Though a collection might seem to be static, the museum shows how it changes over time. For example, Judith Leyster’s 1629 painting “The Last Drop (The Gay Cavalier)” was always considered a portrait of two jolly men at the end of a rowdy night. But art history scholars discovered there was once a skeleton in this painting, and conservation efforts uncovered it (by removing the over-painting), exposing the artist’s very different meaning. In front of the restored work is a photographic series that documents this striking rediscovery.

In Pieter Jansz’s 1631 “Interior of Saint Bavo, Haarlem,” historical research revealed that what was thought to be an architectural rendering with generic figures added for scale was actually a portrait of a state visit, a sort of documentary featuring real people. And extensive study over many years and several continents led to the discovery that Rogier van der Weyden’s two wood panels, “Crucifixion, with Virgin and Saint John the Evangelist Mourning” (1460), had served as shutters that closed over a major Renaissance altarpiece; these two works testified to its existence. A small interactive model charmingly clarifies the discovery.

The exhibition also has a small display of archival materials, including bills of sale for artworks, as well as a related series of lectures and events. In February, the museum will release its first online publication, The John G. Johnson Collection. It’s especially interesting to have a regional opportunity for a back-to-back look at two highly divergent collections, one the work of a single artist (John Sloan at the Delaware Art Museum) and this masterful exhibition (celebrating the centenary of Johnson’s bequest). 

Our readers respond

Joseph Glantz

of Levittown, PA on November 02, 2017

John Graver Johnson argued before the U.S Supreme Court 168 times. Legend has it that, in one case, a Justice interrupted Johnson and said, “Weren’t you recently here arguing the opposite proposition for another client?” Johnson quickly replied: “Your Honor, I hope I don’t lose them both.” Other lawyers disliked him because he charged low fees, because his photographic memory and prodigious mind meant he didn’t need to spend much time on cases. Unlike today’s big firm lawyers, Johnson was a sole practitioner.
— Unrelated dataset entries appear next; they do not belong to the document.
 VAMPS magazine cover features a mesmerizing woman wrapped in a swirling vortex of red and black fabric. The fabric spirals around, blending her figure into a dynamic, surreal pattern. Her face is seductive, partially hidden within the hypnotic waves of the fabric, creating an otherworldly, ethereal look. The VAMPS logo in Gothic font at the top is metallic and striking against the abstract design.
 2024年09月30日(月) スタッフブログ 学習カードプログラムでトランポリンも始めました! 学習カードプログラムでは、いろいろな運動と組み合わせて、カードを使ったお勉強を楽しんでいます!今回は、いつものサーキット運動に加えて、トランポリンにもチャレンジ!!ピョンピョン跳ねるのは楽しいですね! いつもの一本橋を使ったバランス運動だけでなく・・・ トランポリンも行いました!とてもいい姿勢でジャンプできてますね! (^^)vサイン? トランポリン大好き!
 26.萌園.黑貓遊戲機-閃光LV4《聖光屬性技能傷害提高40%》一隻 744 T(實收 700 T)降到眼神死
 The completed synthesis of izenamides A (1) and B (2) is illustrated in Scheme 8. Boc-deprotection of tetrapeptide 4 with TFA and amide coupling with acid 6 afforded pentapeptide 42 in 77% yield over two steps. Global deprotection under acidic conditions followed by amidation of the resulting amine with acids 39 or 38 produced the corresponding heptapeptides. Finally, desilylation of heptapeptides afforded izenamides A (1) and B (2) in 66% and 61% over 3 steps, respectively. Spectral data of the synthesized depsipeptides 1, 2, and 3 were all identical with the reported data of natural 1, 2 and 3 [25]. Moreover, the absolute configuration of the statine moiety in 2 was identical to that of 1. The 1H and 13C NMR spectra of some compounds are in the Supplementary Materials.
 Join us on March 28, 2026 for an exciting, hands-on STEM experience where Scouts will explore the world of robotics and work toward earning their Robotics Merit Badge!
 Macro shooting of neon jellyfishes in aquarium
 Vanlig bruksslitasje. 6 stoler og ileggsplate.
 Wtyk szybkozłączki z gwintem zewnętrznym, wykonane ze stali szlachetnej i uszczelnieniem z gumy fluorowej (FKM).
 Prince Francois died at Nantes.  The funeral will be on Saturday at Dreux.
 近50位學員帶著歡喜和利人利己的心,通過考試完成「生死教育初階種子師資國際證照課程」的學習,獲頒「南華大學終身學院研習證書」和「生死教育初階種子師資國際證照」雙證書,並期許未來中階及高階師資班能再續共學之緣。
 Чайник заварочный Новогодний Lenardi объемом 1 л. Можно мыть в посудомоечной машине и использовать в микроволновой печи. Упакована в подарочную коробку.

There’s a great write-up about him by Gerard St. John for the Philadelphia Lawyer magazine here. It includes a discussion of how Johnson collected his art. In Johnson’s day, the courts didn't meet in the summer, so Johnson traveled to Europe to fill the time. The article includes a fascinating writeup of how the art ended up with the Philadelphia Museum of Art. Johnson really wanted it to be displayed in a building he bought next to his home on South Broad Street — like Henry Frick did with his art.